# PROVIDED ENTRIES

--

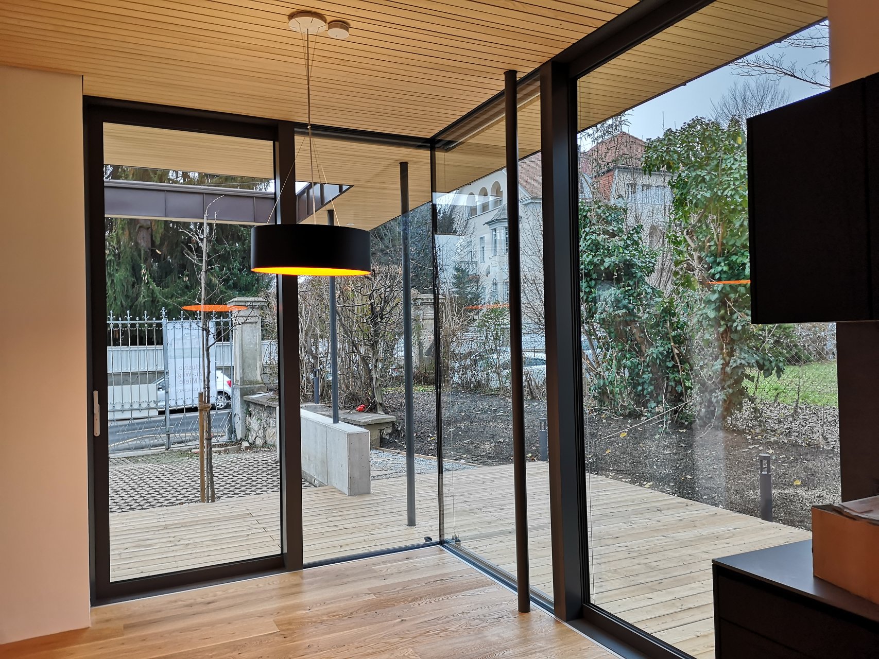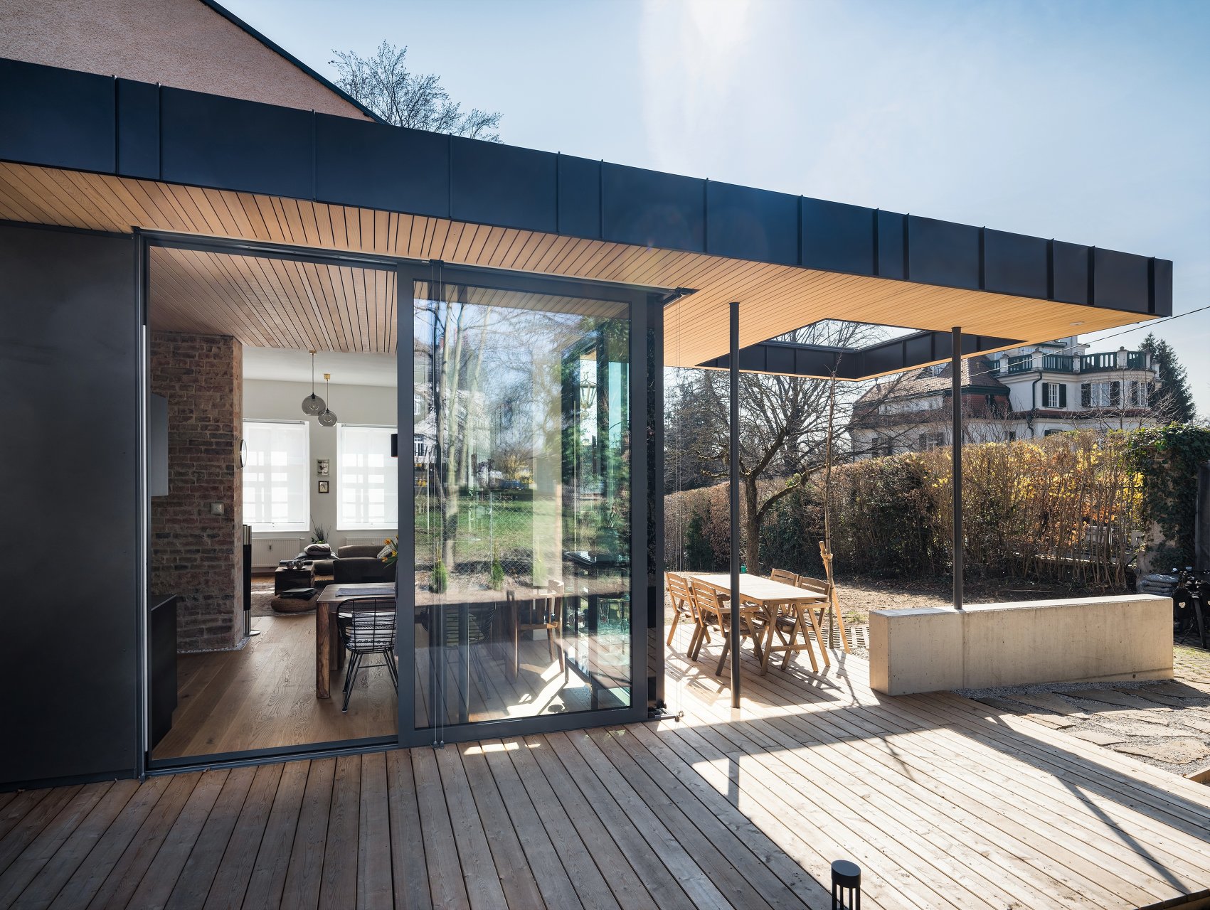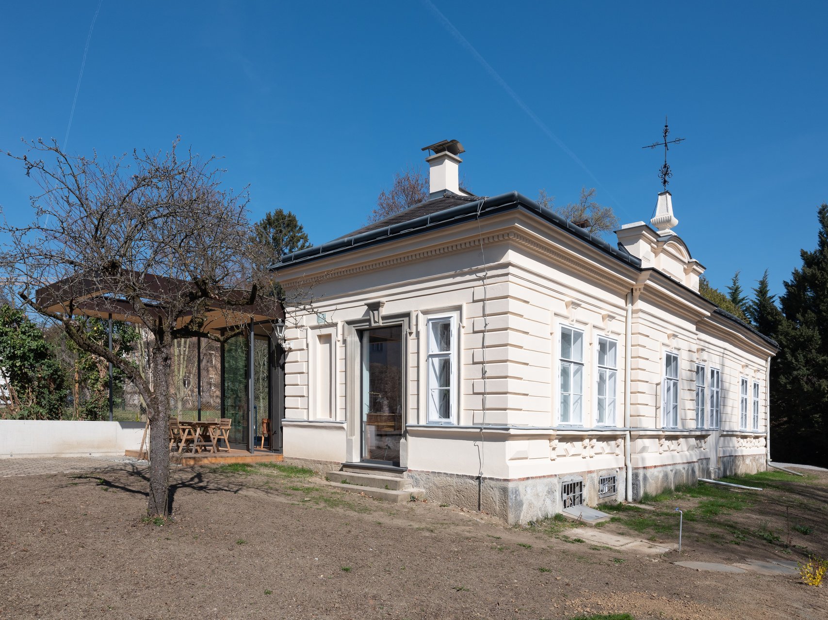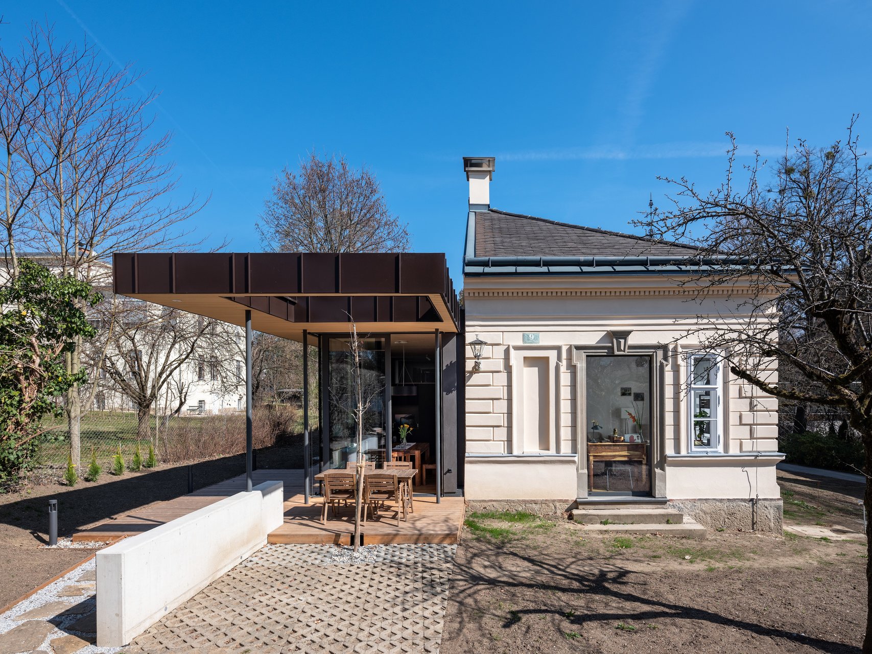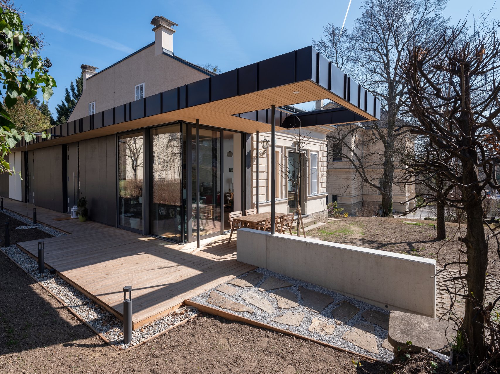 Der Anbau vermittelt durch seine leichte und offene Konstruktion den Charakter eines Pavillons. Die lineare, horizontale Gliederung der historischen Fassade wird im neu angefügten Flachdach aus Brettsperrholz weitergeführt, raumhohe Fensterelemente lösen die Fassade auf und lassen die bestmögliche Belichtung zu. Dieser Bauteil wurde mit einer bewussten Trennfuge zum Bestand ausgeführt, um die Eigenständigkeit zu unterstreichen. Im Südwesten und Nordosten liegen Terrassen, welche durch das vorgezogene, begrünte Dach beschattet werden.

--

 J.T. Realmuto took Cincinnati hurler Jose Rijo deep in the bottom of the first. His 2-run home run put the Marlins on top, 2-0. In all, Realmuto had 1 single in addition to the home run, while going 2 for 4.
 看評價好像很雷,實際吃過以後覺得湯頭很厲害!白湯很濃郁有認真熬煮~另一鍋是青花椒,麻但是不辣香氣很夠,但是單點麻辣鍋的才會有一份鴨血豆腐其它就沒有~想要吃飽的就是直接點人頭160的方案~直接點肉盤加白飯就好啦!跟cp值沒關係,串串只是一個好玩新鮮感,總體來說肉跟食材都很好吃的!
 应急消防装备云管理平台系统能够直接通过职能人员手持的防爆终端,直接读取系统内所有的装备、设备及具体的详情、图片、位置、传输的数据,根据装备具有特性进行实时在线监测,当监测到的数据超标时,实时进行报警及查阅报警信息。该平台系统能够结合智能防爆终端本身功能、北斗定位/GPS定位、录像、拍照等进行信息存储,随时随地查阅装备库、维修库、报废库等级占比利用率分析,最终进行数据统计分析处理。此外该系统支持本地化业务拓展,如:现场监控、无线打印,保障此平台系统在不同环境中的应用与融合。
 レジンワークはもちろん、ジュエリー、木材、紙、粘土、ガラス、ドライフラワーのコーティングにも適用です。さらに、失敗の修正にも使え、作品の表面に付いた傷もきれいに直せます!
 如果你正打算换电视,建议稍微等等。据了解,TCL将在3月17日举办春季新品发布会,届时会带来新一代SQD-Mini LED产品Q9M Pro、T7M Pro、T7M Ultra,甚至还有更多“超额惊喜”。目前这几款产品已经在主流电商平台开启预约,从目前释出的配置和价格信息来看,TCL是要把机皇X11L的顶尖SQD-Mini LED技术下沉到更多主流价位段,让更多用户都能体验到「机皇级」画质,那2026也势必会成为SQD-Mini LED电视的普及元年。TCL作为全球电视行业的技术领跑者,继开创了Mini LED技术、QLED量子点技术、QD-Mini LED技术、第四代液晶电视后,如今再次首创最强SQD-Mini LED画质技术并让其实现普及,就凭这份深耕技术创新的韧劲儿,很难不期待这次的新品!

--

# HOW TO COMPLETE THIS TASK
In the listing above, transcribe exactly everything from the line containing "应急消防装备云管理平台系统能" down to the line containing "LED产品Q9M Pro、T7M Pro、T7M", including both and nothing more.

# WORKED SOLUTION
 应急消防装备云管理平台系统能够直接通过职能人员手持的防爆终端,直接读取系统内所有的装备、设备及具体的详情、图片、位置、传输的数据,根据装备具有特性进行实时在线监测,当监测到的数据超标时,实时进行报警及查阅报警信息。该平台系统能够结合智能防爆终端本身功能、北斗定位/GPS定位、录像、拍照等进行信息存储,随时随地查阅装备库、维修库、报废库等级占比利用率分析,最终进行数据统计分析处理。此外该系统支持本地化业务拓展,如:现场监控、无线打印,保障此平台系统在不同环境中的应用与融合。
 レジンワークはもちろん、ジュエリー、木材、紙、粘土、ガラス、ドライフラワーのコーティングにも適用です。さらに、失敗の修正にも使え、作品の表面に付いた傷もきれいに直せます!
 如果你正打算换电视,建议稍微等等。据了解,TCL将在3月17日举办春季新品发布会,届时会带来新一代SQD-Mini LED产品Q9M Pro、T7M Pro、T7M Ultra,甚至还有更多“超额惊喜”。目前这几款产品已经在主流电商平台开启预约,从目前释出的配置和价格信息来看,TCL是要把机皇X11L的顶尖SQD-Mini LED技术下沉到更多主流价位段,让更多用户都能体验到「机皇级」画质,那2026也势必会成为SQD-Mini LED电视的普及元年。TCL作为全球电视行业的技术领跑者,继开创了Mini LED技术、QLED量子点技术、QD-Mini LED技术、第四代液晶电视后,如今再次首创最强SQD-Mini LED画质技术并让其实现普及,就凭这份深耕技术创新的韧劲儿,很难不期待这次的新品!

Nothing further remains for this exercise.